They are known as the "Refugees of Calais." Hundreds of poor young men, mainly Afghans, Pakistanis, Kurds, Iraqis, Eritreans, Senegalese or Cameroonians, eke out a sub-human existence while waiting to cross the Channel to Britain and asylum.

— Photo: Lola Barosso.

Young migrants in the woods outside Calais.

A MEAN north wind blows across a blustery English Channel and the mercury reads one degree Celsius. An overnight downpour is now down to a powdery drizzle but the ground is sodden wet, the sky a dark menacing grey. Through the misty haze, across the choppy sea, the English coast appears as a dull, blurred outline. The Bois de Garenne is a small wood somewhat removed from the centre of the northern port city of Calais, but a mere five hundred metres from the nearest row of warehouses whose corrugated roofs are visible between the bare and blackened trees.

Anwar, Ijaz, Niaz, Danesh, Hussain, Ali, Barkat, and Roshan crowd around a small fire outside their makeshift shelter built from lopped off branches, plastic sheeting, old blankets, and assorted rags. It stands in a clearing atop a small rise, giving them a bird's eye view of the city and of their El Dorado, Britain, which lies just beyond. "That is where I want to go. That's our goal, our Manzil, where we will get jobs, housing, and working papers," says 14-year old Anwar, the youngest of the group of Pakistani youths from Peshawar.

Their ages range from anywhere between 14 and 30 and they wear what has become the uniform of the homeless economic migrant: three or four layers of tee shirts topped by cheap hooded polyester ski jackets, sneakers and jeans, all handed out by charitable organisations.

The firewood is wet and green and the dense grey smoke smarts the eyes. "Fire off, fire off, police, he come," says Moustache, a humanitarian worker so named because of the luxurious growth upon his cheeks and chin. Gesticulating furiously, his inadequate English deserting him altogether, 47-year-old Charles Framzelle who works for a catholic charity warns them of an impending police raid.
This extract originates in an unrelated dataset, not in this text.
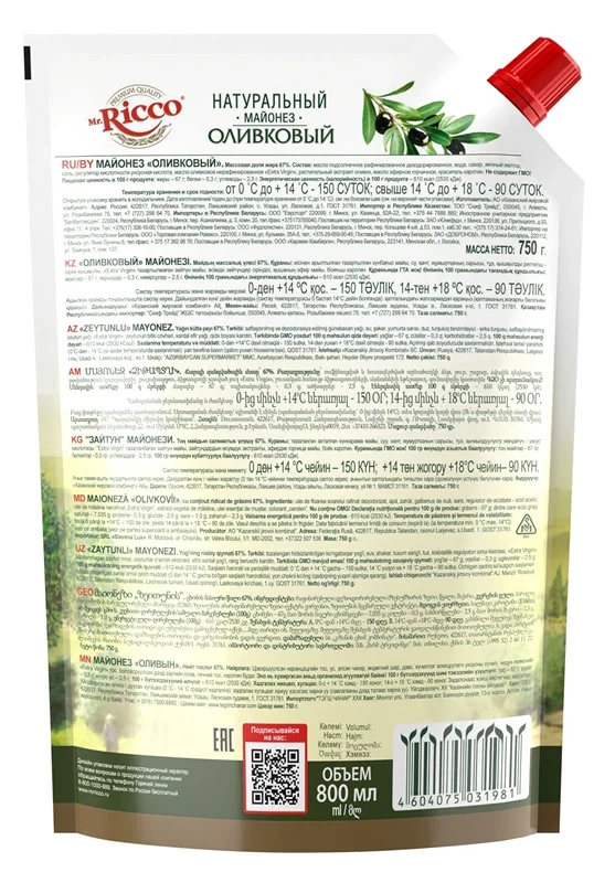 Майонез Оливковый Mr. Ricco 67%, 800 мл – соус из натуральных ингредиентов с традиционным изысканным вкусом. Он прекрасно подойдет для приготовления салатов и бутербродов. Также может подаваться как самостоятельный соус к блюдам из рыбы, мяса, овощей. Оптимальная жирность и богатый вкус оливкового масла первого отжима выгодно отличают продукт в сравнении с аналогами. Майонез не содержит искусственных консервантов, красителей, стабилизаторов и загустителей. Он совершенно безопасен для здоровья и подойдет даже для детского стола. Оливковое масло – богатый источник витамина E, который по праву называют витамином красоты и молодости.

All he gets in return is a cynical laugh. "What will they do? They've arrested me five times already. They'll destroy our hut again, smash our bottles and upturn our cooking pots. They'll rub our faces into the dirt, crush our backs with their boots. At the worst they'll arrest us for 48 hours. And we'll come back and build our hut again as we have done so many times, Inshallah. We have lost our fear of them now. All we want, all we hope and pray for, is to be able to get across to Inglaind one day, the sooner the better," says 28-year-old Ali, who once bartered steel vessels for old clothes in the streets of Karachi. There is a twinkle in his eye and a broad smile on his face as if the daily tussle with the police were just a big joke, an endless game of cops and robbers.

Meet the "Refugees of Calais," an estimated 800 to 1,000 of them, mainly Afghans, Pakistanis, Kurds, Iraqis, Eritreans, Senegalese or Cameroonians who have congregated on this city, often at huge expense and almost always at the mercy of venal people smugglers. They are, for the most part young, semi-literate, and jobless, living in unimaginable squalor and misery in the midst of relative wealth and well-being. They have landed here at the northern tip of France after months spent on the road, travelling through Iran, Turkey, Greece, Albania, Bulgaria, the Balkans or Italy in the desperate hope of reaching Britain as stowaways on trucks making the Channel crossing. The sums they paid their "agents" are astronomical — upwards of 12,000 euros, six lakh rupees.

"They have nothing. They have burnt their bridges, sold land, animals, whatever they possessed, in order to get here and they cannot go back," says Moustache. The only way out for them is forward, he explains and no one knows when the crossing can take place. On an average about 40 of them make it to Britain every month. The rest are turned back and they keep trying every other night until they succeed.

Why Britain? Because the asylum laws in that country have been traditionally more lax than elsewhere in continental Europe. But that has changed. The British government is now far less tolerant of asylum seekers and many from Calais find themselves sent back to the place where they first landed on the Continent. The refugees, however, refuse to believe that their city of gold has clanged shut its gates. They persist in believing that they will be given jobs and housing or that their own communities whether Afghan, Kurdish or Pakistani will help them out.

"Living like savages"

"Every night they try to sneak onto lorries, some even sell their bodies in return for a crossing. In the meanwhile, they live here in the woods like savages, without water or electricity, suffering from bronchitis because of the constant damp, from scabies, fever, and diarrhoea. They relieve themselves in the bushes and there is nowhere for them to wash except for the twice weekly showers organised by the humanitarian associations where they fight to get their turn. May be in warmer climates it is less difficult to live in the open. The temperatures are near freezing point now. But for the associations they would die from cold and hunger," Moustache points out.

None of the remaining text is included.